- _Activity_
In the listing that follows, the range to quote begins at the line that has "根据规则,B组前两名直接晋级" and ends after the line that has "1. 【直道不容】 - 按正直的道理行事而不被社会容纳。"; quote it verbatim and add nothing.

- _Materials provided_
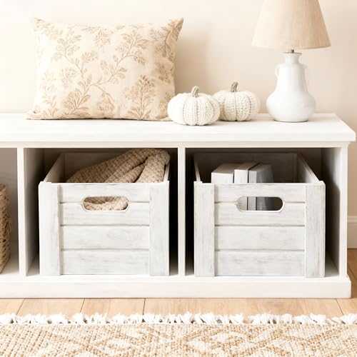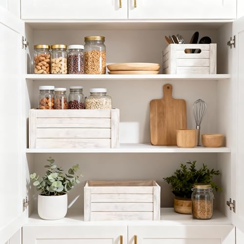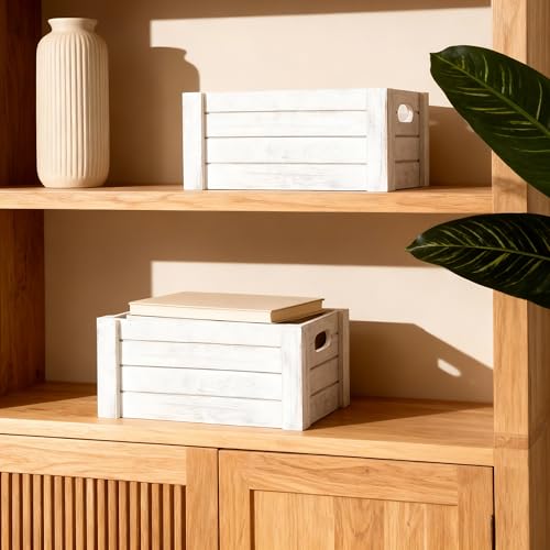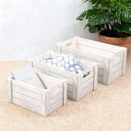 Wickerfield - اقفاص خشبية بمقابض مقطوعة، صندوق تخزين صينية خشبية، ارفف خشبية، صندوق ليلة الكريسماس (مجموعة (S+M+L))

---

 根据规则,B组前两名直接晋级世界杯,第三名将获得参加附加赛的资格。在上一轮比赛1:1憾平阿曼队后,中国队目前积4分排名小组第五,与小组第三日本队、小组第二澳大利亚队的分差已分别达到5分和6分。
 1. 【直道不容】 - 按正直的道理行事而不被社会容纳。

- _Solution for this problem_
 根据规则,B组前两名直接晋级世界杯,第三名将获得参加附加赛的资格。在上一轮比赛1:1憾平阿曼队后,中国队目前积4分排名小组第五,与小组第三日本队、小组第二澳大利亚队的分差已分别达到5分和6分。
 1. 【直道不容】 - 按正直的道理行事而不被社会容纳。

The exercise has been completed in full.